TASK DETAILS.
Your copy of the data should match it exactly, leaving out only the pictures.

[Opening PROVIDED DATA section]

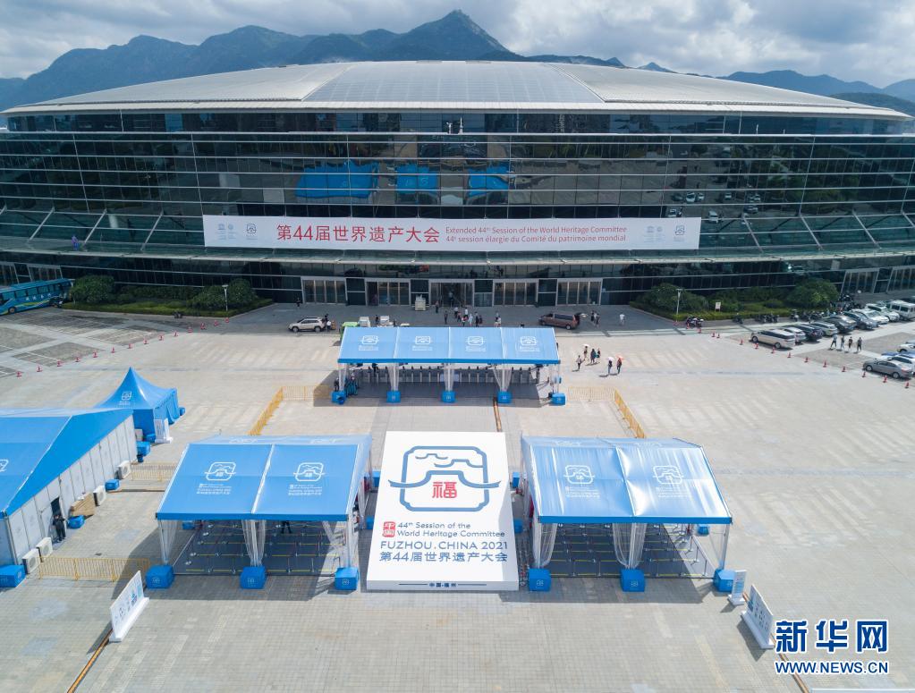 第44届世界遗产大会主会场海峡国际会展中心外景(7月15日摄,无人机照片)。
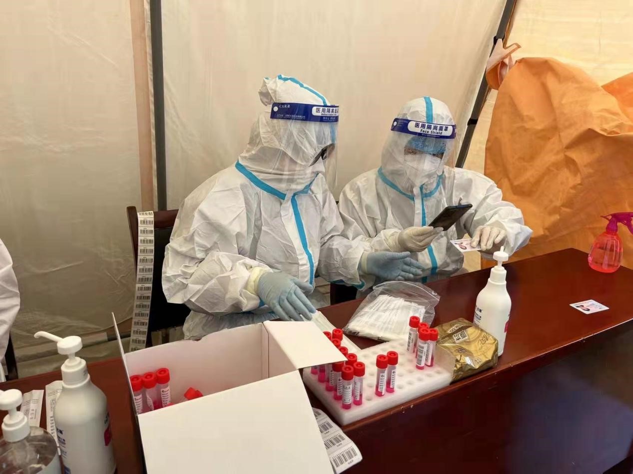 3月17日,句容啟動三輪全員核酸檢測行動。公司行政人事部周勇、龐辛看到志愿者招募通知后,第一時間響應(yīng)報名,并成功當(dāng)選為志愿者。早晨6:20分,天氣好像也受疫情影響了一樣,一掃前幾日的春光明媚,開啟了凄風(fēng)冷雨的倒春寒模式。在簡陋的帳篷里,二人和醫(yī)護人員正在進行檢測前的準(zhǔn)備工作。一邊核對著桌子上的棉簽、試管、條形碼,一邊討論著可能出現(xiàn)的意外情況。7:00檢測工作正式開啟,掃描試管標(biāo)簽、采集人員信息,引導(dǎo)人員檢測,掃描封管。……整整四個小時里,二人機械、精準(zhǔn)的重復(fù)著上述動作,協(xié)助醫(yī)護人員完成了500多人的核酸采集工作。當(dāng)二人完成交班,脫下重重防護設(shè)備時,臉上的汗珠和口罩勒痕猶如勇者的勛章一樣熠熠生輝。
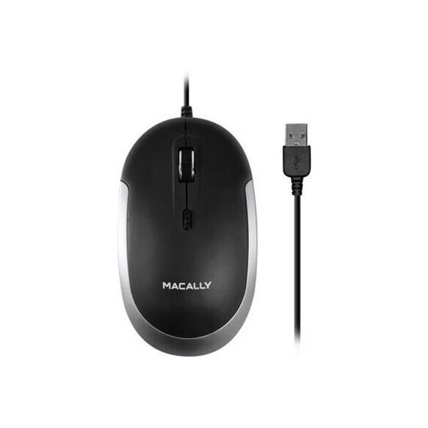 Macally USB Wired Optical Quiet Click Mouse for Mac & PC, Space Gray & Black
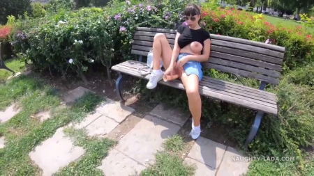 Прогулялась по европейскому городу с дилдаком в руках, чтобы подрочить в парке на лавкеHD
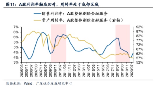 20Q3A股非金融的收入增速显著回升3.9pct,而资产增速回升幅度仅为0.1pct。资产周转率 = 收入 / 资产,四季度出口/补库将继续驱动宏观/微观景气修复斜率抬升,预计A股非金融的收入增速还将继续大幅改善(而资产增速则受“供给收缩常态化”约束),带来周转率更快“触底回升”。

[Closing PROVIDED DATA section]

SOLUTION TO THIS PROBLEM.
 第44届世界遗产大会主会场海峡国际会展中心外景(7月15日摄,无人机照片)。
 3月17日,句容啟動三輪全員核酸檢測行動。公司行政人事部周勇、龐辛看到志愿者招募通知后,第一時間響應(yīng)報名,并成功當(dāng)選為志愿者。早晨6:20分,天氣好像也受疫情影響了一樣,一掃前幾日的春光明媚,開啟了凄風(fēng)冷雨的倒春寒模式。在簡陋的帳篷里,二人和醫(yī)護人員正在進行檢測前的準(zhǔn)備工作。一邊核對著桌子上的棉簽、試管、條形碼,一邊討論著可能出現(xiàn)的意外情況。7:00檢測工作正式開啟,掃描試管標(biāo)簽、采集人員信息,引導(dǎo)人員檢測,掃描封管。……整整四個小時里,二人機械、精準(zhǔn)的重復(fù)著上述動作,協(xié)助醫(yī)護人員完成了500多人的核酸采集工作。當(dāng)二人完成交班,脫下重重防護設(shè)備時,臉上的汗珠和口罩勒痕猶如勇者的勛章一樣熠熠生輝。
 Macally USB Wired Optical Quiet Click Mouse for Mac & PC, Space Gray & Black
 Прогулялась по европейскому городу с дилдаком в руках, чтобы подрочить в парке на лавкеHD
 20Q3A股非金融的收入增速显著回升3.9pct,而资产增速回升幅度仅为0.1pct。资产周转率 = 收入 / 资产,四季度出口/补库将继续驱动宏观/微观景气修复斜率抬升,预计A股非金融的收入增速还将继续大幅改善(而资产增速则受“供给收缩常态化”约束),带来周转率更快“触底回升”。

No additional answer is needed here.